Type 'help;' or '\h' for help. Type '\c' to clear the current input statement.

mysql 8.0 > use www;
Database changed
mysql 8.0 > CREATE TABLE `test_table` (
    ->   `id` int(1) NOT NULL,
    ->   `aggregation` char(1) NOT NULL,
    ->   `type` int(1) NOT NULL,
    ->   `time` datetime NOT NULL
    -> ) ENGINE=InnoDB;
Query OK, 0 rows affected, 2 warnings (0.03 sec)

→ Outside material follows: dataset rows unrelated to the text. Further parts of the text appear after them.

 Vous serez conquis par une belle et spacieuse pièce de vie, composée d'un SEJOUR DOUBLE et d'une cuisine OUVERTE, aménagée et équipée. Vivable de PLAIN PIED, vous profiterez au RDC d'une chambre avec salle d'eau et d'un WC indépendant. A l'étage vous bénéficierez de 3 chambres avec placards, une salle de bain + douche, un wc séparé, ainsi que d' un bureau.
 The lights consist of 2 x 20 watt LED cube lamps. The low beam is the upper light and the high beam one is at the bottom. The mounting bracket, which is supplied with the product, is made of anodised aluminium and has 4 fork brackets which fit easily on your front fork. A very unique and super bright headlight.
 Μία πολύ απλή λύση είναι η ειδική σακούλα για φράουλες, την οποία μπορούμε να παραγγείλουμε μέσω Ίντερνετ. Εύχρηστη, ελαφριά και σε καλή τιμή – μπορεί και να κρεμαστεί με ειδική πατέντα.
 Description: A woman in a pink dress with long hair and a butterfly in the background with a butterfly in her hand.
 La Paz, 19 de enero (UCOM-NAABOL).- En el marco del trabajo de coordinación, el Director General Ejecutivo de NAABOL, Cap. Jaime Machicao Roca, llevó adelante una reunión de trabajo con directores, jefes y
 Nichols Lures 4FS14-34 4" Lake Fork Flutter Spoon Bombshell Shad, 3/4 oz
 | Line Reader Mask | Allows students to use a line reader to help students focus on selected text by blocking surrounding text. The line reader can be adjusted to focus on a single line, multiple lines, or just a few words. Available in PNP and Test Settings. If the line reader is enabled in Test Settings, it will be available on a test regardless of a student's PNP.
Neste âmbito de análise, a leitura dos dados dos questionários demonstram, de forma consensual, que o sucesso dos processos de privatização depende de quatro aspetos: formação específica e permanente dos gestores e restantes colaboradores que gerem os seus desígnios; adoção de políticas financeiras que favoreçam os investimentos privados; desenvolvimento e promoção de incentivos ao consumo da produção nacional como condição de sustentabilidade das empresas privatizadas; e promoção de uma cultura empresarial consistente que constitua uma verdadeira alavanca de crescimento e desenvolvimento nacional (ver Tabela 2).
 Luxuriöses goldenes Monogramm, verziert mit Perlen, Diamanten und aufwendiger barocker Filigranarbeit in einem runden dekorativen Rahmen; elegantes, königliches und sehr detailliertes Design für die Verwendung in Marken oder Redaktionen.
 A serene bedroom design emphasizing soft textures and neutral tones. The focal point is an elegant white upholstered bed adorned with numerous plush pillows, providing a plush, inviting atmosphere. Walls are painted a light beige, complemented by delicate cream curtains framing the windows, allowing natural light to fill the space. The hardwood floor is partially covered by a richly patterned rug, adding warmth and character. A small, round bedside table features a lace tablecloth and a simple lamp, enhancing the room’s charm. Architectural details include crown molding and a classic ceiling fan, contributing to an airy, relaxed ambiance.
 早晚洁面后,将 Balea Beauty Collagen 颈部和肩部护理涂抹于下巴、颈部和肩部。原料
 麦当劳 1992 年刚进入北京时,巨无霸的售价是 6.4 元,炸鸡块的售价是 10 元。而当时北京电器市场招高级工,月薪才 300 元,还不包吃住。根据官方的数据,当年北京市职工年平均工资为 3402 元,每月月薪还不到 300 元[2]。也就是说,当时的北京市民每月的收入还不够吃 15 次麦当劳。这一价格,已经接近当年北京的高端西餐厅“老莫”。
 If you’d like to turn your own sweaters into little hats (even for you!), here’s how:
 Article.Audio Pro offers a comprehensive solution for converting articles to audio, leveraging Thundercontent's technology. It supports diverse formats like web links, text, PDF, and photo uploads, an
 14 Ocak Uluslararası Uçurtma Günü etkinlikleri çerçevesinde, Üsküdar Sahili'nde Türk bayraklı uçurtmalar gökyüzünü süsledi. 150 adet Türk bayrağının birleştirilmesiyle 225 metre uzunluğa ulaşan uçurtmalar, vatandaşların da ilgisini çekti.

mysql 8.0 > INSERT INTO `test_table` (`id`, `aggregation`, `type`, `time`) VALUES
    -> (1, 'A', 1, '2020-05-21 00:00:00'),
    -> (6, 'A', 1, '2020-05-22 00:00:00'),
    -> (2, 'A', 2, '2020-05-20 00:00:00'),
    -> (3, 'B', 2, '2020-05-19 00:00:00'),
    -> (4, 'B', 2, '2020-05-18 00:00:00'),
    -> (5, 'B', 2, '2020-05-17 00:00:00');
Query OK, 6 rows affected (0.01 sec)
Records: 6  Duplicates: 0  Warnings: 0

mysql 8.0 > ALTER TABLE `test_table`
    ->   ADD PRIMARY KEY (`id`),
    ->   ADD KEY `aggregation_type_time` (`aggregation`,`type`,`time`)
    -> ;
Query OK, 0 rows affected (0.07 sec)
Records: 0  Duplicates: 0  Warnings: 0

mysql 8.0 > SELECT aggregation, MAX(`time`) AS lastlog FROM test_table
    -> FORCE INDEX (aggregation_type_time) WHERE type=2 GROUP BY aggregation;
+-------------+---------------------+
| aggregation | lastlog             |
+-------------+---------------------+
| A           | 2020-05-20 00:00:00 |
| B           | 2020-05-19 00:00:00 |
+-------------+---------------------+
2 rows in set (0.00 sec)

mysql 8.0 > SELECT aggregation, MAX(`time`) AS lastlog FROM test_table
    -> IGNORE INDEX (aggregation_type_time) WHERE type=2 GROUP BY aggregation;
+-------------+---------------------+
| aggregation | lastlog             |
+-------------+---------------------+
| A           | 2020-05-20 00:00:00 |
| B           | 2020-05-19 00:00:00 |
+-------------+---------------------+
2 rows in set (0.00 sec)

mysql 8.0 >
[19 Jun 2020 6:56] Bart Dubelaar
Thanks for the response. Understandable. I'm a bit worried about regression though, as I could not find a clearly related bug fix in the change log of 8.0.19. So therefore I filed it. At least it may be helpful for future reference in case regression occurs.